The Coverage That Surprises New Operators
When someone buys, leases, or launches a tourist or short-line railroad, they often assume worker injuries are handled the same way as at any other business: through state workers' compensation. They are usually wrong. Railroad employees are carved out of ordinary workers' comp in most situations and instead fall under a federal statute written specifically for railroaders — the Federal Employers Liability Act, or FELA. Understanding this difference is one of the most important things a heritage or short-line operator can do, because it changes both your legal exposure and the kind of insurance you need.

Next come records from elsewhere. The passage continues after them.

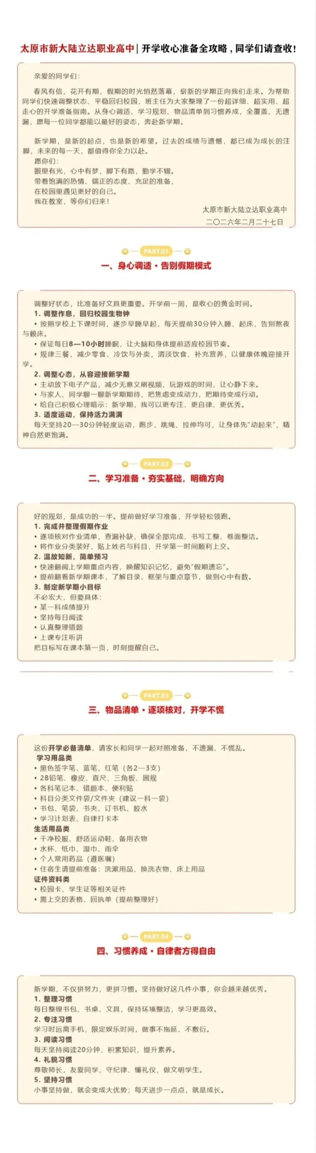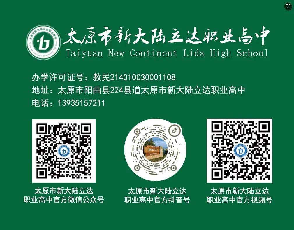 太原市新大陆立达职业高中是北京星大路教育集团投资举办,太原市行政审批局、教育局批准设立的特色高中,办学许可证号教民214010030001108。学校秉承“顺应天赋 因材施教”的教育理念,以“内驱力教育”为核心,以培养自信、自律、自强、充满上进心的新时代中学生为目标,通过“修文修心、育德正心、教学同心、家校一心”的培养模式,为国家培养了数以万计的栋梁之材,受到社会各界特别是广大学生和家长广泛好评和一致信赖。
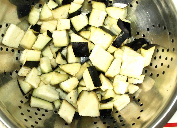 Баклажаны нарезать произвольно, перемешать с солью, оставить на 30 минут, чтобы дать стечь горечи.
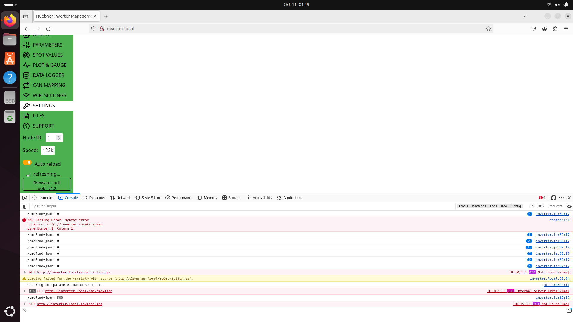 Also, trying to enter a node/speed doesn't seem to work and I can't get parameters or spot values from my Foccci (though it's freshly flashed, I cant be certain it's working right either, but I am thinking since the web UI is acting strange I should start there).
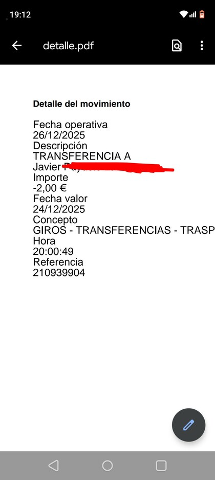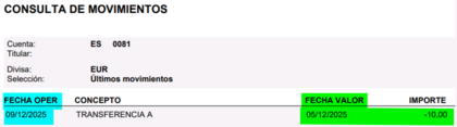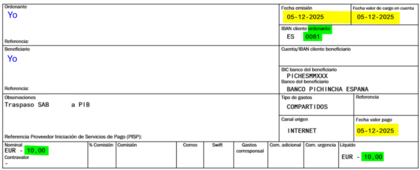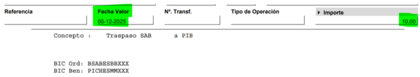 Ejemplo, también con otra inmediata de salida desde el S4b4 ordenada el viernes 05-dic hacia PIB. En el justificante no sale que le han asignado fecha operación martes 09-dic (el lunes 08-dic fue inhábil por festivo nacional), pues no existe el campo "Fecha operación" en dicho justificante: Pero, en el listado de movimientos, descargado a pdf, que será 100% fiel al extracto que no puedo descargar hasta que finalice el mes de dic-25, sale que le asignaron fecha operación el martes 09-dic, es decir, el día hábil siguiente al viernes 05-dic: En PIB entró, lógicamente, en fecha valor 05-dic: Total, que esos mismos 10€ estuvieron remunerados en ambas cuentas los días 5, 6, 7 y 8.

At Locomotive Insurance, a division of Contractors Choice Agency, we spend a lot of time explaining FELA to new operators. This article breaks down what it is, why it matters, and how a properly built railroad insurance program responds.
What FELA Actually Is
FELA, passed in 1908, was Congress's response to the extraordinary danger of early railroad work. Rather than create a no-fault benefit system like state workers' comp, FELA gives an injured railroad worker the right to sue the railroad for negligence. If the worker can show the railroad's negligence played even a small part in causing the injury, the railroad can be held liable.
Two features make FELA very different from workers' comp:
- It is fault-based. Workers' comp pays regardless of fault but caps benefits. FELA requires the worker to prove negligence — but if they do, damages are not capped on a fixed schedule.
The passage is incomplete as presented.